Literature DB >> 30321264

Expanded functionality, increased accuracy, and enhanced speed in the de novo genotyping-by-sequencing pipeline GBS-SNP-CROP.

Abstract

SUMMARY: GBS-SNP-CROP is a bioinformatics pipeline originally developed to support the cost-effective genome-wide characterization of plant genetic resources through paired-end genotyping-by-sequencing (GBS), particularly in the absence of a reference genome. Since its 2016 release, the pipeline's functionality has greatly expanded, its computational efficiency has improved, and its applicability to a broad set of genomic studies for both plants and animals has been demonstrated. This note details the suite of improvements to date, as realized in GBS-SNP-CROP v.4.0, with specific attention paid to a new integrated metric that facilitates reliable variant identification despite the complications of homologs. Using the new de novo GBS read simulator GBS-Pacecar, also introduced in this note, results show an improvement in overall pipeline accuracy from 66% (v.1.0) to 84% (v.4.0), with a time saving of ∼70%. Both GBS-SNP-CROP versions significantly outperform TASSEL-UNEAK; and v.4.0 resolves the issue of non-overlapping variant calls observed between UNEAK and v.1.0.
AVAILABILITY AND IMPLEMENTATION: GBS-SNP-CROP source code and user manual are available at https://github.com/halelab/GBS-SNP-CROP. The GBS read simulator GBS-Pacecar is available at https://github.com/halelab/GBS-Pacecar. SUPPLEMENTARY INFORMATION: Supplementary data are available at Bioinformatics online.

Entities: Chemical Disease Gene Species

Mesh：

Year: 2019 PMID： 30321264 PMCID： PMC6513162 DOI： 10.1093/bioinformatics/bty873

Source DB: PubMed Journal: Bioinformatics ISSN： 1367-4803 Impact factor: 6.937

1 Introduction

The GBS-SNP-Calling Reference Optional Pipeline (GBS-SNP-CROP) is an open-source pipeline that integrates custom parsing and filtering procedures with well-known, vetted bioinformatic tools, giving users full readable access to all intermediate files. Initially designed for paired-end reads, GBS-SNP-CROP employs a strategy of variant calling based on both within-individual and across-population patterns of polymorphism to identify and distinguish high-confidence variants from both sequencing and PCR errors, whether or not a reference genome is available. In the latter case, the pipeline uses a read-clustering strategy to build a so-called Mock Reference (MR) of consensus GBS fragments for use in downstream alignment, variant calling, and genotyping (Melo ). As a reference-optional (or de novo) pipeline, GBS-SNP-CROP has proven useful to breeders of under-researched crop species for which the lack of a reference genome presented a barrier to the efficient use of GBS data (Cheng ; Hale ; Melo ; Sogbohossou ; Wang ).
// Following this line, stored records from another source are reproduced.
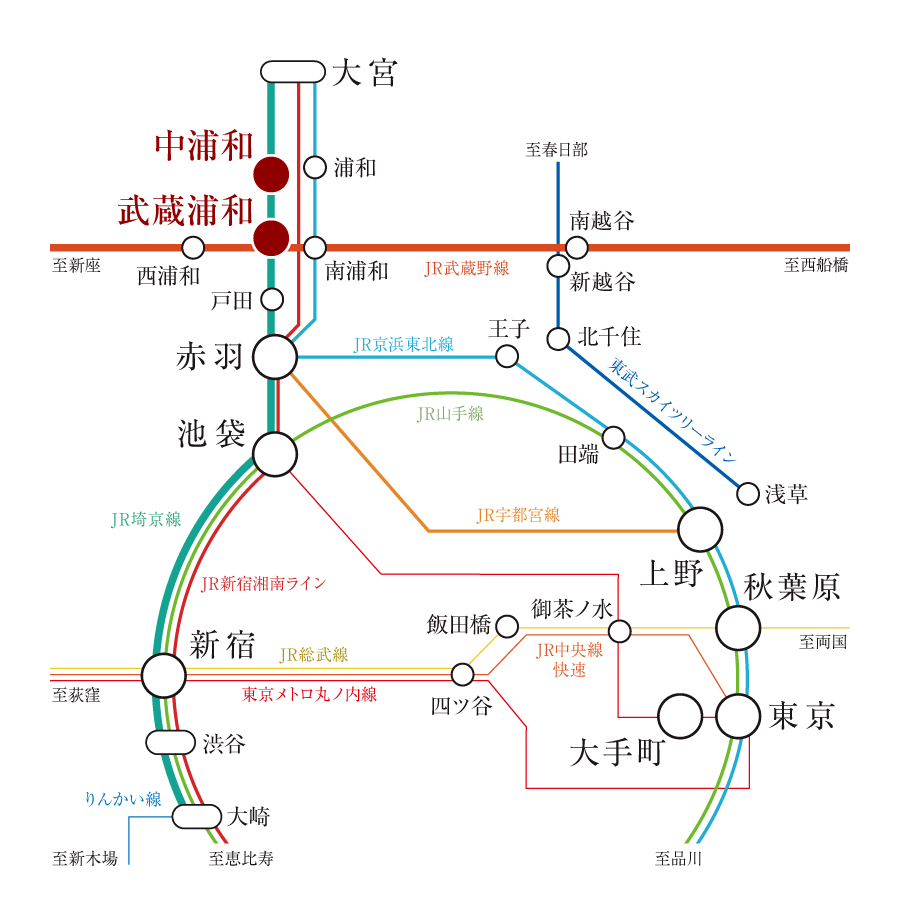 JR埼京線・武蔵野線「武蔵浦和」駅より、「大宮」駅へ直通7分、「池袋」駅へ直通18分で到着します。※電車の所要時間は朝のラッシュ時のもので、乗換・待ち時間を含みます。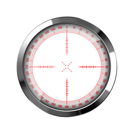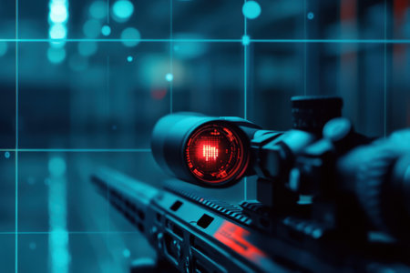 A close-up view presents a digital interface with a prominent target reticle in glowing red against a dark backdrop. The composition features concentric circles and intersecting lines, suggesting a heads-up display. The overall design conveys a modern, technological aesthetic, suitable for use in various commercial and illustrative projects. The scene is illuminated by a bright, artificial light source.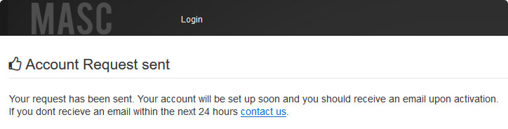 If the application was submitted successfully, you should see a notification that the account request was sent. You should also receive an email notification that your request was received, and a second confirmation email will follow once your application has been reviewed and approved.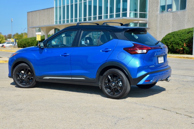 I got my kicks driving a Kicks SR finished in two-tone Electric Blue with Super Black roof at an extra cost of $250. Options on this Kicks included Rear Roof Spoiler Exterior Package that also includes crossbars and an exhaust finisher ($435), carpeted floor and cargo mats ($225), illuminated kick plates ($460), interior electronics package ($575) that includes 20-color ambient lighting, door pocket light and auto-dimming rear view mirror, black alloy wheels ($495) and the Premium Package ($1,200).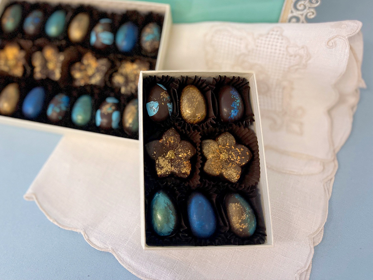 Eggseptionally elegant Eggs and Salted Caramels. 6 Robin's Eggs as pretty and delicious as they come, and 2 Giant Tiger Lilies filled with sublime salted caramels...this is springtime at its best and an Easter delight!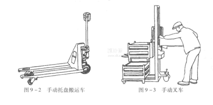 9-2為手動(dòng)托盤搬運(yùn)車,它用于搬運(yùn)裝載與托盤貨托架上的冷藏品。當(dāng)貨叉插入托盤或托架后,上下?lián)u動(dòng)手柄,使液壓千斤頂提升貨叉,托盤或托架就隨之離地。當(dāng)物品運(yùn)到目的地后,踩動(dòng)踏板,貨叉落下,放下托盤或托架。該搬運(yùn)車適合于短距離的水平搬運(yùn)作業(yè),它靈活、輕便。圖9-3為手動(dòng)叉車,它是一種利用人力提升貨叉的裝卸、堆垛和搬運(yùn)多用車,適合用于工廠車間、冷庫內(nèi)需要一定起升高度的搬運(yùn)作業(yè)。

The pipeline has facilitated studies of genetic diversity and population structure for natural populations of both plants (Arredondo ; Bartaula ; Sunseri ) and animals (Drury ; Xu ) and has successfully supported molecular breeding analyses in a variety of crop and non-crop plant species (Adhikari ; Chung ; Holloway ; Munjal et al., 2017). In presenting GBS-SNP-CROP v.4.0, this note describes the expanded functionality and enhanced performance of the pipeline relative to its original version.

2 Enhanced functionality and performance

Since its initial release, GBS-SNP-CROP has been updated with a suite of functional enhancements. Specifically, the pipeline now: (i) accommodates both single-end and paired-end reads; (ii) identifies and calls bi-allelic indels as well as SNPs; (iii) improves overall memory usage and employs parallelization to substantially reduce computation time; (iv) supports conversion of the final genotyping matrix into standard Variant Call Format (VCF); (v) creates a set of comprehensive variant description files to support user decision-making in the application of subsequent filters; (vi) enables the identification and filtering of likely paralogous/duplicated loci, based on the strategy of McKinney ; and (vii) facilitates ploidy inference based on individual distribution of allele depth ratios at heterozygous loci, as proposed by Yoshida (Supplementary Fig. S1).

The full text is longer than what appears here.